HAYIR. Bu tür işlerde çalışanlar İş Yasası kapsamında bulunmadıkları için iş güvencesi çerçevesinde değerlendiremezler. (kimlerin iş güvencesi kapsamına girdiğine dair tazminatlardan bahsettiğimiz iş güvencesi ile ilgili yazımıza link verilebilir). Dolayısıyla, işe iade davası açamazlar. Ancak, Borçlar Kanunu 434’üncü maddesinde açıklanan Kötü Niyet Tazminatı’na hak kazanabilirler. Bu maddeye göre, “Hizmet sözleşmesinin fesih hakkının kötüye kullanılarak sona erdirildiği durumlarda işveren, işçiye fesih bildirim süresine ait ücretin üç katı tutarında tazminat ödemekle yükümlüdür.”

Ev hizmetlerinde çalışanlar ölüm tazminatı alabilir mi?

EVET. Borçlar Kanunun 440’ıncı maddesine göre; işçinin ölümü halinde işçinin bakmakla yükümlü olduğu kişilere, ölüm gününden başlayarak 1 aylık, hizmet ilişkisi 5 yıldan fazla sürmüşse 2 aylık bir ödeme yapma yükümlülüğü hükmü mevcuttur. Bu yükümlülük, kıdem tazminatından ayrı olarak yerine getirilecektir. 

Ev hizmetlerinde çalışanların sigortalılığı

5510 sayılı Yasa’nın ek 9’uncu maddesi hükmünce, ev hizmetlerinde çalışanların tama­mı (çalışma gün sayısı 10 günden fazla ve 10 günden az olanlar şeklinde) iki farklı başlıkla sosyal güvenlik kapsamına alınmıştır.
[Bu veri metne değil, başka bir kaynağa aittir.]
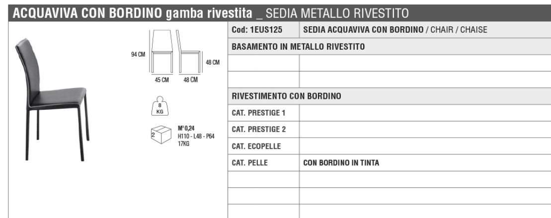 PREZZO QUI INDICATO CON PRESTIGE 1, PER ALTRI RIVESTIMENTI INVIARE RICHIESTA PREZZO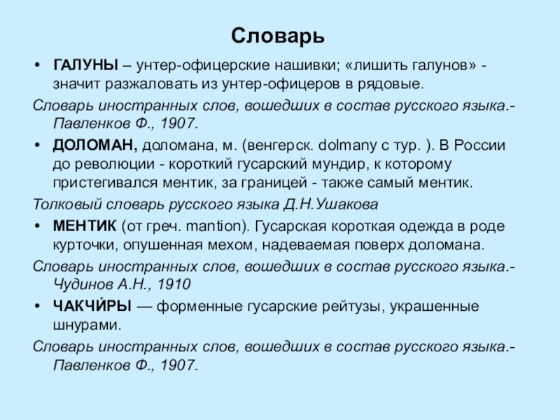 ГАЛУНЫ – унтер-офицерские нашивки; «лишить галунов» - значит разжаловать из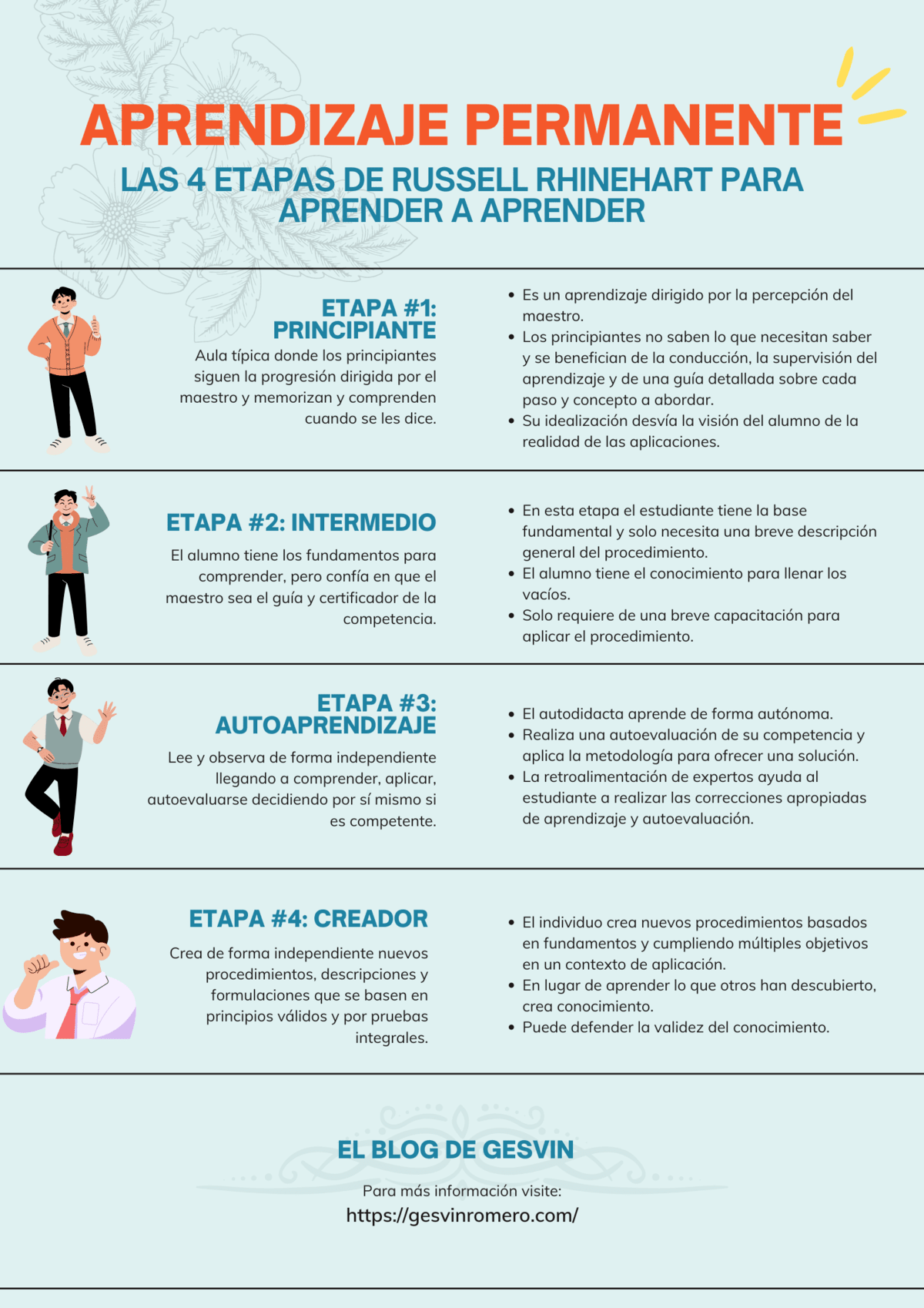 Aprendizaje Permanente – Las 4 Etapas para Aprender a Aprender | Infografía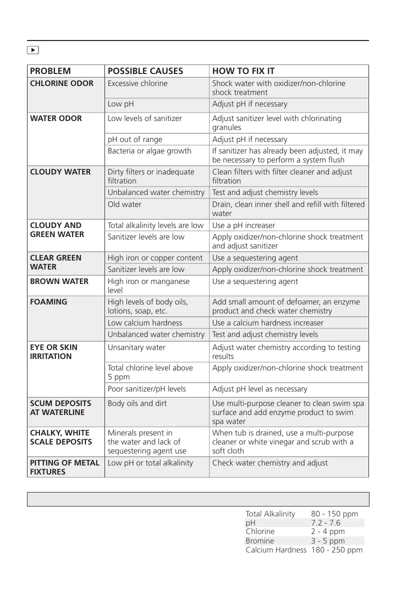 WATER ODOR Low levels of sanitizer Adjust sanitizer level with chlorinating

Böylece, ev hizmetlerinde çalışanlar ay içerisinde çalışma saati süresine göre hesaplanan çalışma gün sayısı 10 gün ve daha fazla olan çalışanlar (örneğin; bir ay içerisinde toplam 80 saat çalışan bir işçi için 80 saat / 7,5 saat = 11 gün) için sigortalı bildirimi işveren tarafından ilgili belge ile en geç çalışmanın geçtiği ayın sonuna kadar yapılır. 

Diğer yandan, çalışma gün sayısı 10 günden az olanlar için ise (örneğin; bir ay içerisinde toplam 70 saat çalışan bir işçi için 70 saat / 7,5 saat = 9 gün) çalıştırıldıkları süreyle orantılı olarak işverence 82’nci maddeye göre belirlenen prime esas günlük kazanç alt sınırının %2’si oranında iş kazası ve meslek hastalığı sigortası primi ödenmesi gerekmektedir.